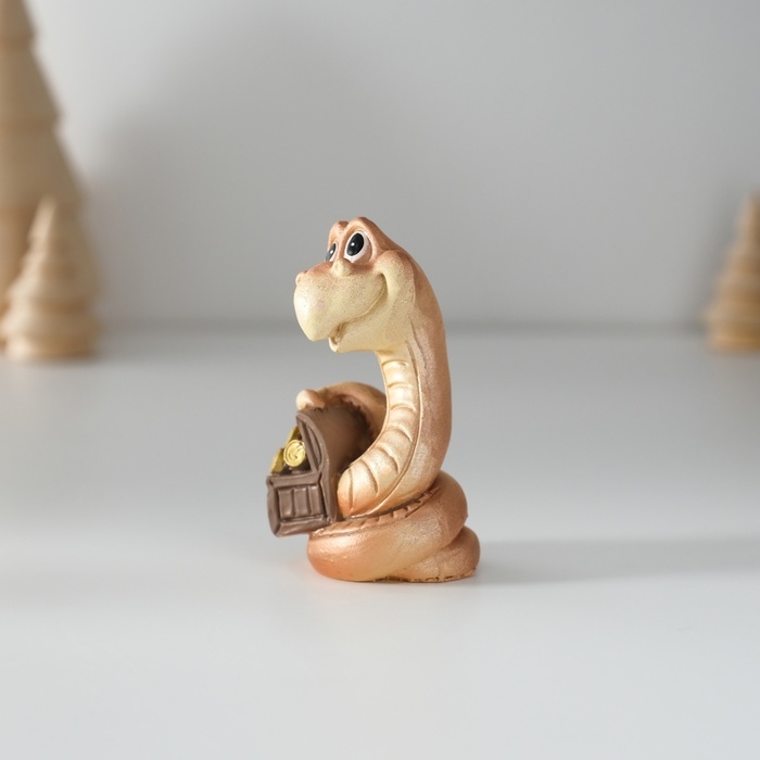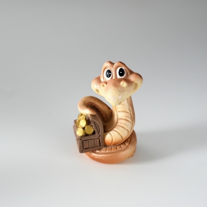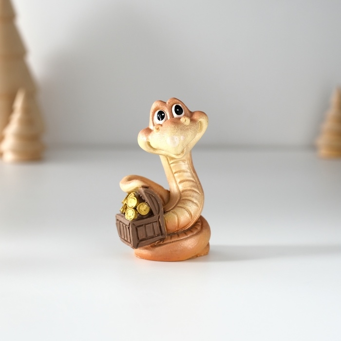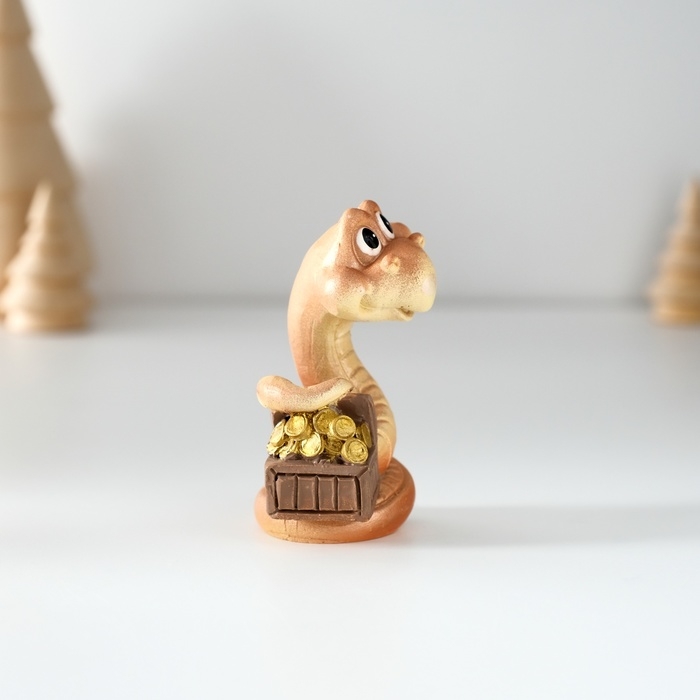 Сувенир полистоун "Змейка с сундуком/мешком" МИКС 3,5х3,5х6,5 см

• • • • • • •

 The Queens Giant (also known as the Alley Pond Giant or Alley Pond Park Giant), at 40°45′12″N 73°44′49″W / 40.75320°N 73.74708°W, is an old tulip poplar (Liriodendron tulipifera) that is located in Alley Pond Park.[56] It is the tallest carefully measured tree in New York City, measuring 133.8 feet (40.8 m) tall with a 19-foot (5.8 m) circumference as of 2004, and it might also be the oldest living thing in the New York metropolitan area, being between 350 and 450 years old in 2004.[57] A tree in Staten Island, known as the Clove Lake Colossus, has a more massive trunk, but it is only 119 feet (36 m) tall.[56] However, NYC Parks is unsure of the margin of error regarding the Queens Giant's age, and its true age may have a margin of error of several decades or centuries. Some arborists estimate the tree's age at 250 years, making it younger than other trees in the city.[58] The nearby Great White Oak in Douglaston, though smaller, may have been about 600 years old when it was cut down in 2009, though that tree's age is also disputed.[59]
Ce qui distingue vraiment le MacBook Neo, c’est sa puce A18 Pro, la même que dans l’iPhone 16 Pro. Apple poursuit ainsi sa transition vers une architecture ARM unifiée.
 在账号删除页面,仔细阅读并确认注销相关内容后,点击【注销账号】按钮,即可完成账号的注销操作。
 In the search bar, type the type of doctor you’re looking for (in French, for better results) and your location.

• • • • • • •

* Work instructions
In the entries above, the lines between the one holding "Ce qui distingue" and the one holding "In the search", inclusive, are to be printed exactly as written, and those alone.

* Reply
Ce qui distingue vraiment le MacBook Neo, c’est sa puce A18 Pro, la même que dans l’iPhone 16 Pro. Apple poursuit ainsi sa transition vers une architecture ARM unifiée.
 在账号删除页面,仔细阅读并确认注销相关内容后,点击【注销账号】按钮,即可完成账号的注销操作。
 In the search bar, type the type of doctor you’re looking for (in French, for better results) and your location.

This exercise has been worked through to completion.